* EXCERPTED RECORDS:
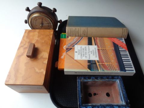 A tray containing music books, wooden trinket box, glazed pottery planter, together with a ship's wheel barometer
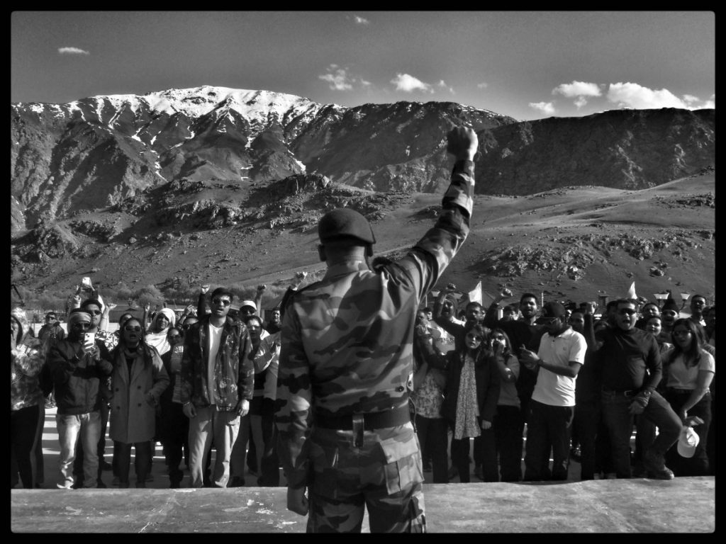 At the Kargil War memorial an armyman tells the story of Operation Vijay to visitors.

...

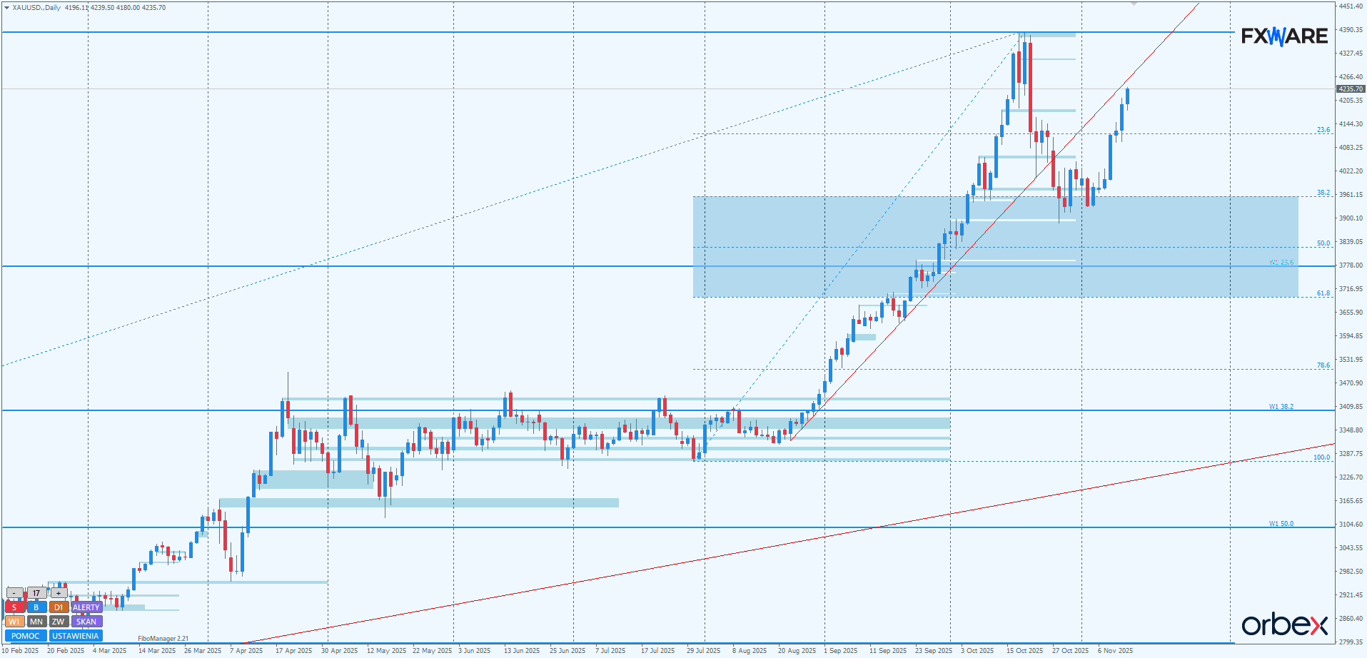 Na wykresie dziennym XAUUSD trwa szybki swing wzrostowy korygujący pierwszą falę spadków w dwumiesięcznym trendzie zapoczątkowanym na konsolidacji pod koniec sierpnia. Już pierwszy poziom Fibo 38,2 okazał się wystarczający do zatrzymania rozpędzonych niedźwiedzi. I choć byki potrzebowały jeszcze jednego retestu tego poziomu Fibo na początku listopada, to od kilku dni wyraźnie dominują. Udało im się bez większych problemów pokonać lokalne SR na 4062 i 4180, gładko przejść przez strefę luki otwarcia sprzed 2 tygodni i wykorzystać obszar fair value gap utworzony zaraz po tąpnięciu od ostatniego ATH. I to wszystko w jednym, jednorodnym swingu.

* WHAT IS REQUIRED: Out of the records above, please copy exactly the lines from the line with "A tray containing" up to and including the line with "At the Kargil", minus the pictures.

* YOUR RESPONSE:
 A tray containing music books, wooden trinket box, glazed pottery planter, together with a ship's wheel barometer
 At the Kargil War memorial an armyman tells the story of Operation Vijay to visitors.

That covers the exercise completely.